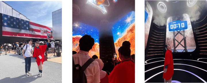 (実は生放送前に、アメリカ館へ訪れていた2人。テンションあがりすぎて、大はしゃぎ!)
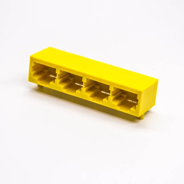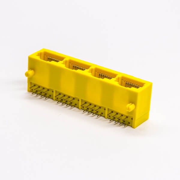 非屏蔽rj45座黃色全塑4端口穿孔式接PCB板帶燈
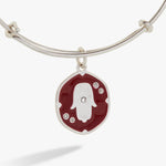 An ancient symbol of protection, the Hamsa hand is believed to ward off negativity and help make space for positive energy. Wear it in a new way with this intricate antique Glass Crystal Hamsa charm bangle, which features an epoxy fill and glass stone hamsa charm with clear crystal accents on an antique silver-tone expandable wire bangle. Stack it with other meaningful symbols for a look that tells your story.
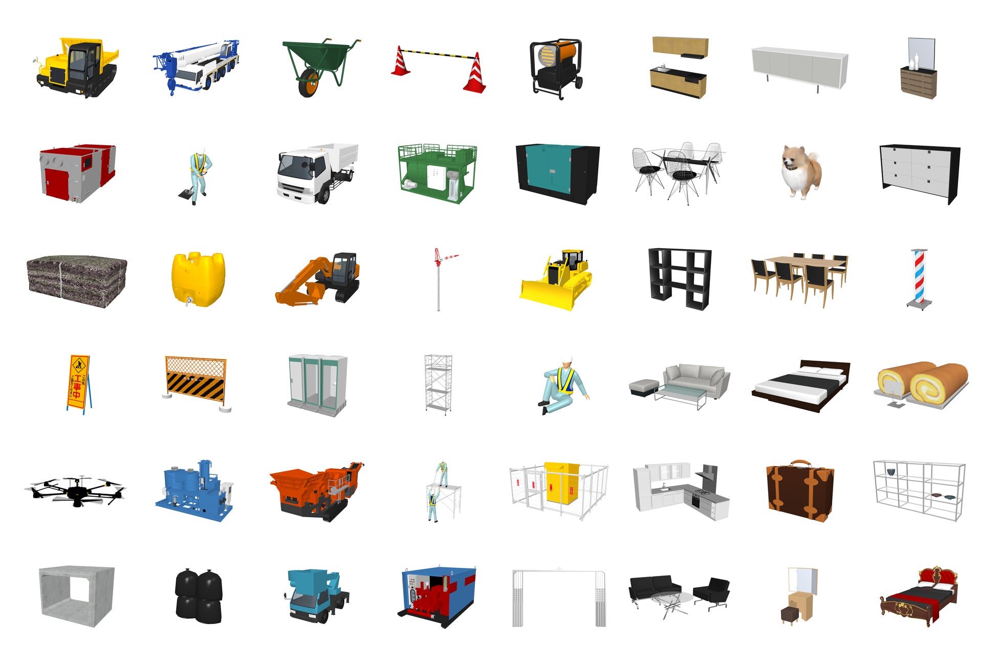 素材はFBX、3DS、OBJ、DXF(3D)、DWG(3D)、M3D形式で、建設・建築業務に適した軽量な低ポリゴンデータを採用し、CG制作やシミュレーション、プレゼンテーション資料作成など幅広い用途に利用可能です。
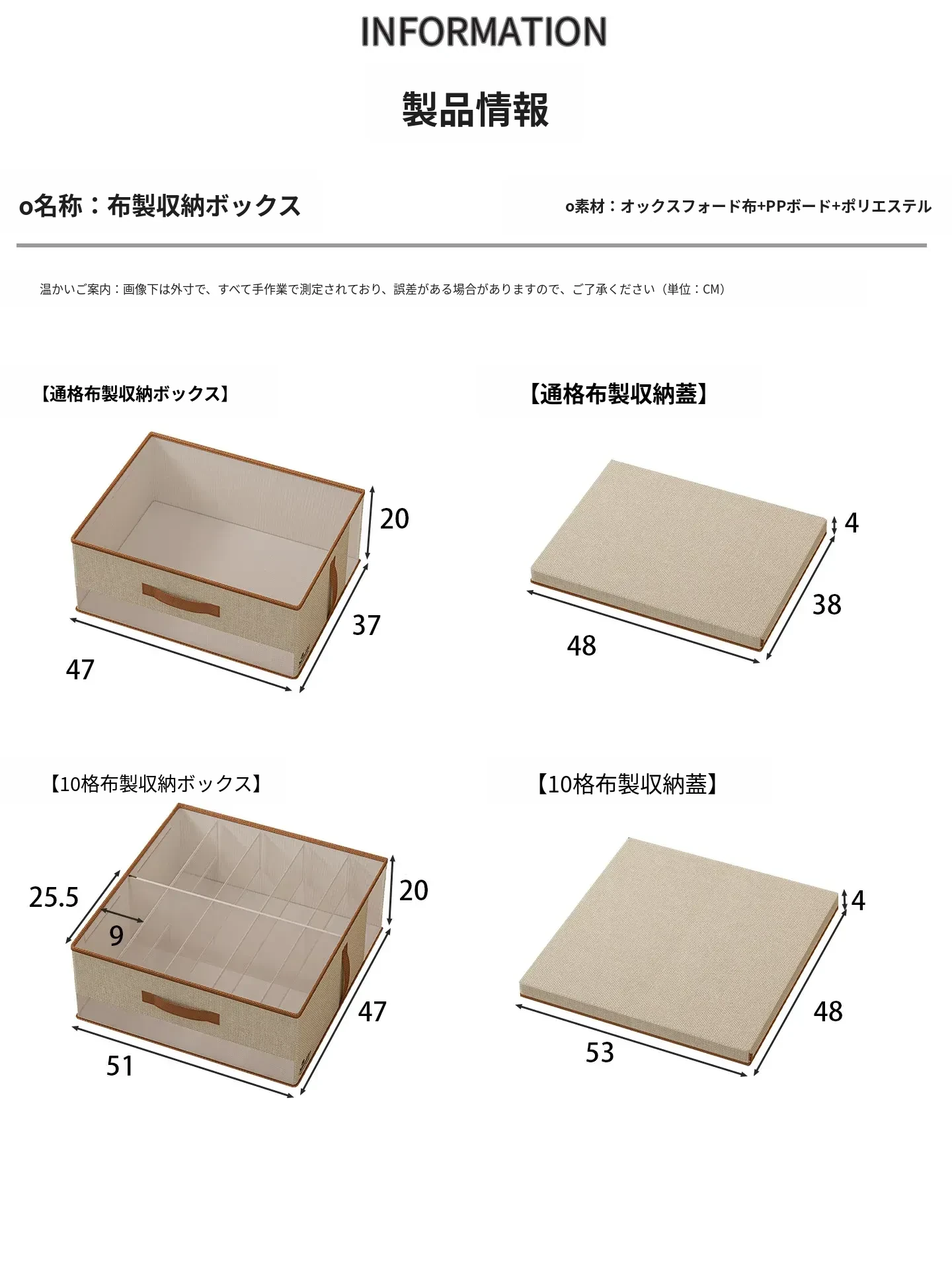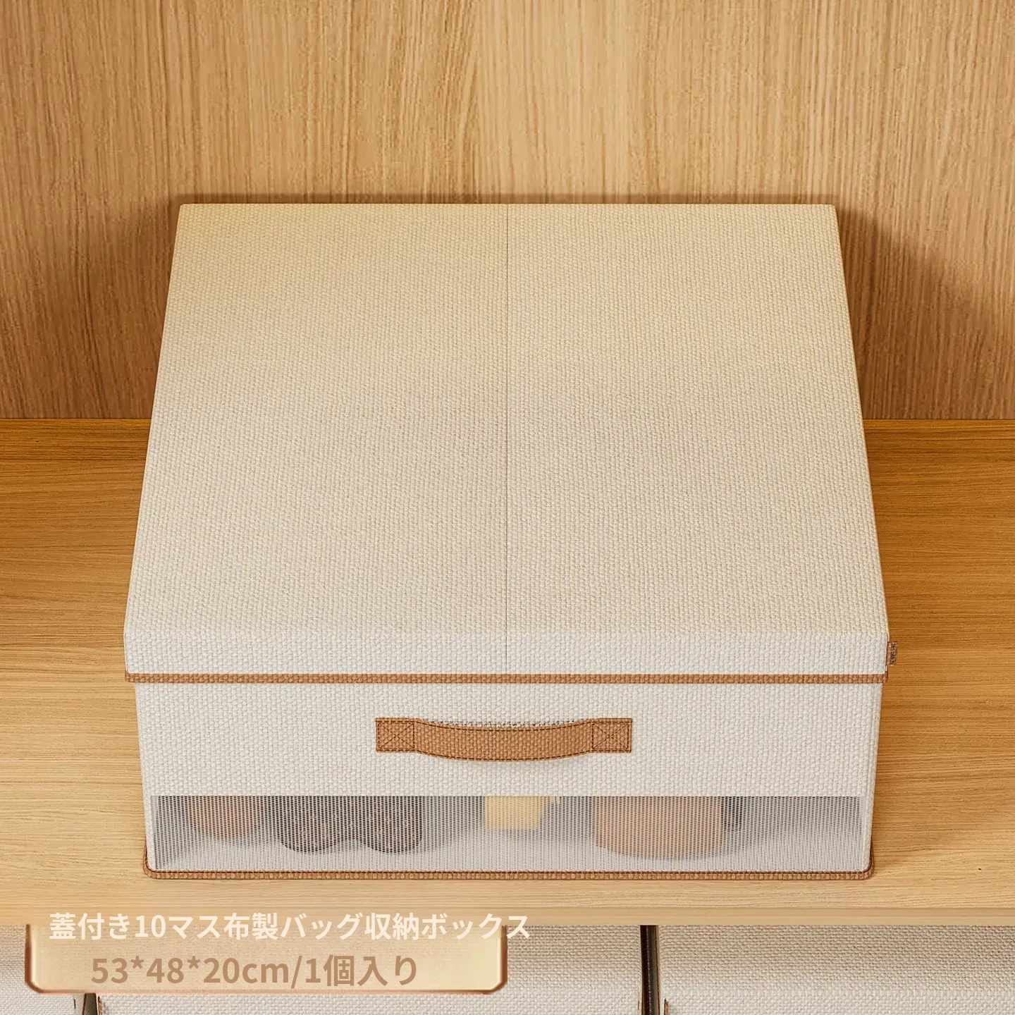 【フタ付き10格/持ち手付き】オックスフォード布製バッグ収納ボックス

--- BRIEF ---
Copy exactly the lines that run from the one containing "非屏蔽rj45座黃色全塑4端口穿孔式接PCB板帶燈" to the last line of the records, both included, and leave out every picture.

--- ANSWER SECTION ---
 非屏蔽rj45座黃色全塑4端口穿孔式接PCB板帶燈
 An ancient symbol of protection, the Hamsa hand is believed to ward off negativity and help make space for positive energy. Wear it in a new way with this intricate antique Glass Crystal Hamsa charm bangle, which features an epoxy fill and glass stone hamsa charm with clear crystal accents on an antique silver-tone expandable wire bangle. Stack it with other meaningful symbols for a look that tells your story.
 素材はFBX、3DS、OBJ、DXF(3D)、DWG(3D)、M3D形式で、建設・建築業務に適した軽量な低ポリゴンデータを採用し、CG制作やシミュレーション、プレゼンテーション資料作成など幅広い用途に利用可能です。
 【フタ付き10格/持ち手付き】オックスフォード布製バッグ収納ボックス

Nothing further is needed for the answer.